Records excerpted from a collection
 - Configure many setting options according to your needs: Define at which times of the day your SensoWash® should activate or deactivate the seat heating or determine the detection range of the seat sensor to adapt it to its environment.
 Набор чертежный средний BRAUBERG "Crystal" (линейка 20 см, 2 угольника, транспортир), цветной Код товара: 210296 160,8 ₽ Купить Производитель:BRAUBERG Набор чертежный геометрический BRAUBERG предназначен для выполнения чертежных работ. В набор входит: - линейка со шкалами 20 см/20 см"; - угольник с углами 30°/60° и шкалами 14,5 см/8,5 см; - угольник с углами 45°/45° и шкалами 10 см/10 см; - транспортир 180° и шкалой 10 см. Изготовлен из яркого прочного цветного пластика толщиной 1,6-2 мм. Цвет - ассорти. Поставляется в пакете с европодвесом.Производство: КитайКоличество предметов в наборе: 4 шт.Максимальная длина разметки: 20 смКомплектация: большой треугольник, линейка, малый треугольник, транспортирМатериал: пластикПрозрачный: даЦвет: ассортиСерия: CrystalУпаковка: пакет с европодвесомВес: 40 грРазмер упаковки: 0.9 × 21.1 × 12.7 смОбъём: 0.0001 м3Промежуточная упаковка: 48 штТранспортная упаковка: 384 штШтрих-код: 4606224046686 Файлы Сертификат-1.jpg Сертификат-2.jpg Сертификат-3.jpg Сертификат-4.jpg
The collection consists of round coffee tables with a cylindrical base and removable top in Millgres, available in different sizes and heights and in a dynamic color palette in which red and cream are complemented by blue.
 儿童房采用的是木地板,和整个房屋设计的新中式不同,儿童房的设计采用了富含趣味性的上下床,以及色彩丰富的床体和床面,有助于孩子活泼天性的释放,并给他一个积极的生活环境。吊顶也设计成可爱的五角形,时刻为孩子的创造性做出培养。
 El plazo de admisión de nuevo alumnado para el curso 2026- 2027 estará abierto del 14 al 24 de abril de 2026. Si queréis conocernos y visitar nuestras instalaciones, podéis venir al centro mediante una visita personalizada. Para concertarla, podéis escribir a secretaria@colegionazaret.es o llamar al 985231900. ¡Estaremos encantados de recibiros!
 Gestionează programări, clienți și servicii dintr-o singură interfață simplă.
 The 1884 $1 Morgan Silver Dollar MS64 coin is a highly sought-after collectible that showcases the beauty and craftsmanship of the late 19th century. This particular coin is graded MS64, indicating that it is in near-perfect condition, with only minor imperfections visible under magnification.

◆ Assignment ◆
Please show every line of the records that holds the word "which".

◆ Your response ◆
 - Configure many setting options according to your needs: Define at which times of the day your SensoWash® should activate or deactivate the seat heating or determine the detection range of the seat sensor to adapt it to its environment.
The collection consists of round coffee tables with a cylindrical base and removable top in Millgres, available in different sizes and heights and in a dynamic color palette in which red and cream are complemented by blue.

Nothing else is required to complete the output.